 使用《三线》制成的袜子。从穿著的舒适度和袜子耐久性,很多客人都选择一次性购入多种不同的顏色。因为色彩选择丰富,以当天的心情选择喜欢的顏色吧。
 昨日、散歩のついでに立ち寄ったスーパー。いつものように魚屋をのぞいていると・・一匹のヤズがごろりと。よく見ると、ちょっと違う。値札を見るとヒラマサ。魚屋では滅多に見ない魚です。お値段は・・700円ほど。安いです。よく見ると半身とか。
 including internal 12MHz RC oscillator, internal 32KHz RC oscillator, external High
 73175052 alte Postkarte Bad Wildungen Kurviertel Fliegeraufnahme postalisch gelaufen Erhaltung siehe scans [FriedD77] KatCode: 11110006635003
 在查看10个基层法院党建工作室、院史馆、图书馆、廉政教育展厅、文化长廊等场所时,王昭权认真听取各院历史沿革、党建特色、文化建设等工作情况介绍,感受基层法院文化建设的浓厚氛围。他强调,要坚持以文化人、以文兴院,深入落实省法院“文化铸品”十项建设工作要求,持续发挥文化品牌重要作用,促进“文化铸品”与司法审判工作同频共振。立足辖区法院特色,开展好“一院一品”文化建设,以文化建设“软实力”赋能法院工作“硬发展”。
* * *
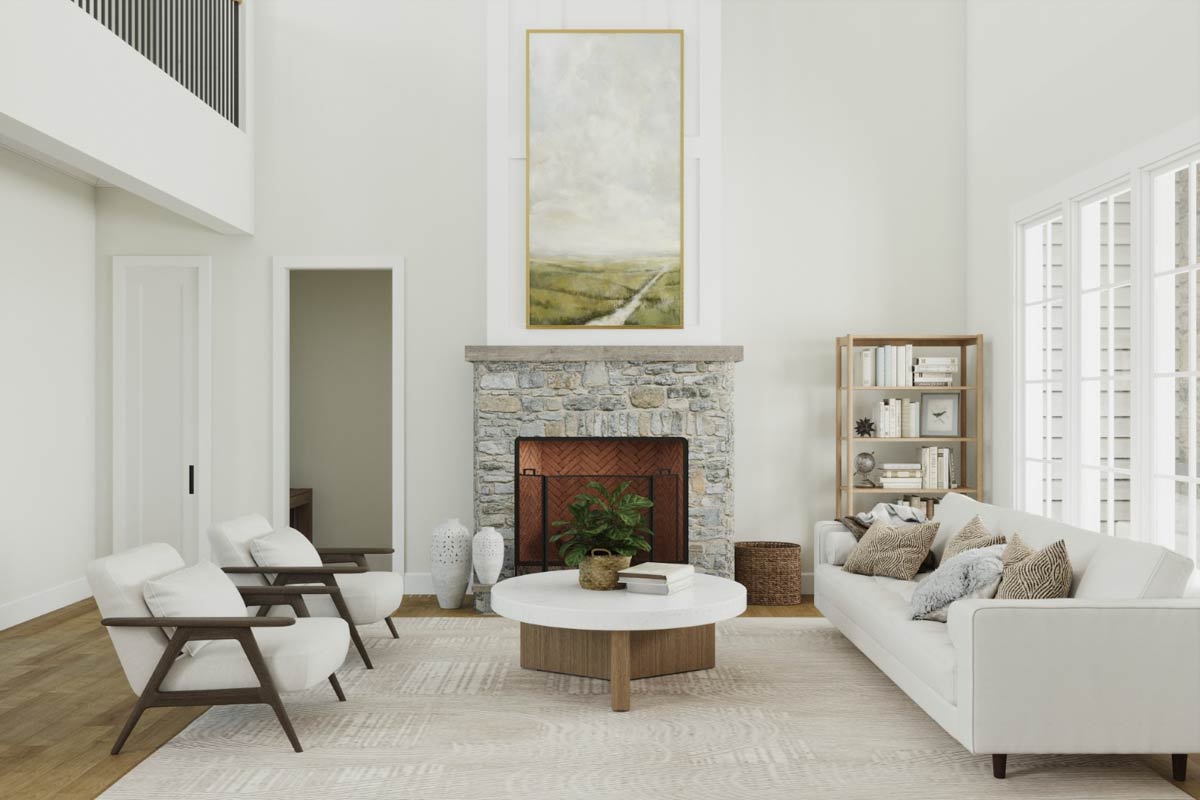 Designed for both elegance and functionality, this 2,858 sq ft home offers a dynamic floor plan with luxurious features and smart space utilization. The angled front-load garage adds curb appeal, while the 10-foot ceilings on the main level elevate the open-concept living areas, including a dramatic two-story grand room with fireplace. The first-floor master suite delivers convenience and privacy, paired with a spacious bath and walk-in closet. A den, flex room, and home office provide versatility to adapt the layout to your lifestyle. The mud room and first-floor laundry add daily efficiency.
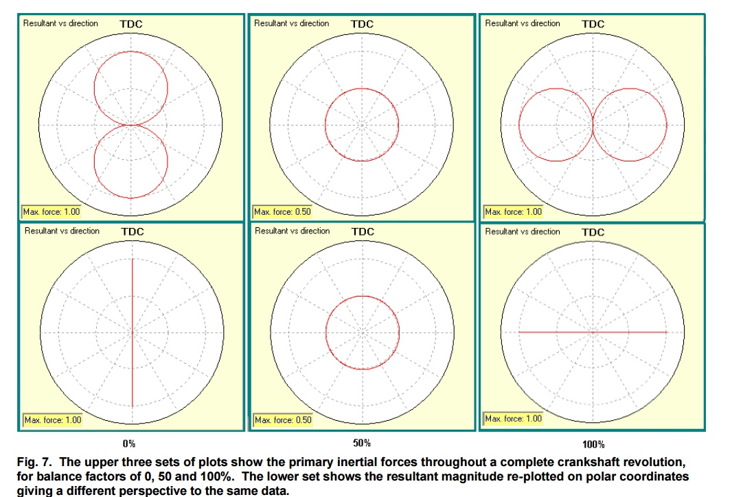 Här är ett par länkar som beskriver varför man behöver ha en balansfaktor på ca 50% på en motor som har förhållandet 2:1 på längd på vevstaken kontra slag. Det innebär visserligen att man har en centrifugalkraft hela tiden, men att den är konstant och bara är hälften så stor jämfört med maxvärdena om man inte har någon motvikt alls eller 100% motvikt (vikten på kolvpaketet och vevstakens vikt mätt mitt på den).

● **WHAT YOU HAVE TO DO**
Take exactly the lines from the one containing "使用《三线》制成的袜子。从穿" through the one containing "including internal 12MHz" in the data above, and output them with nothing added.

● **ANSWER TO THE EXERCISE**
 使用《三线》制成的袜子。从穿著的舒适度和袜子耐久性,很多客人都选择一次性购入多种不同的顏色。因为色彩选择丰富,以当天的心情选择喜欢的顏色吧。
 昨日、散歩のついでに立ち寄ったスーパー。いつものように魚屋をのぞいていると・・一匹のヤズがごろりと。よく見ると、ちょっと違う。値札を見るとヒラマサ。魚屋では滅多に見ない魚です。お値段は・・700円ほど。安いです。よく見ると半身とか。
 including internal 12MHz RC oscillator, internal 32KHz RC oscillator, external High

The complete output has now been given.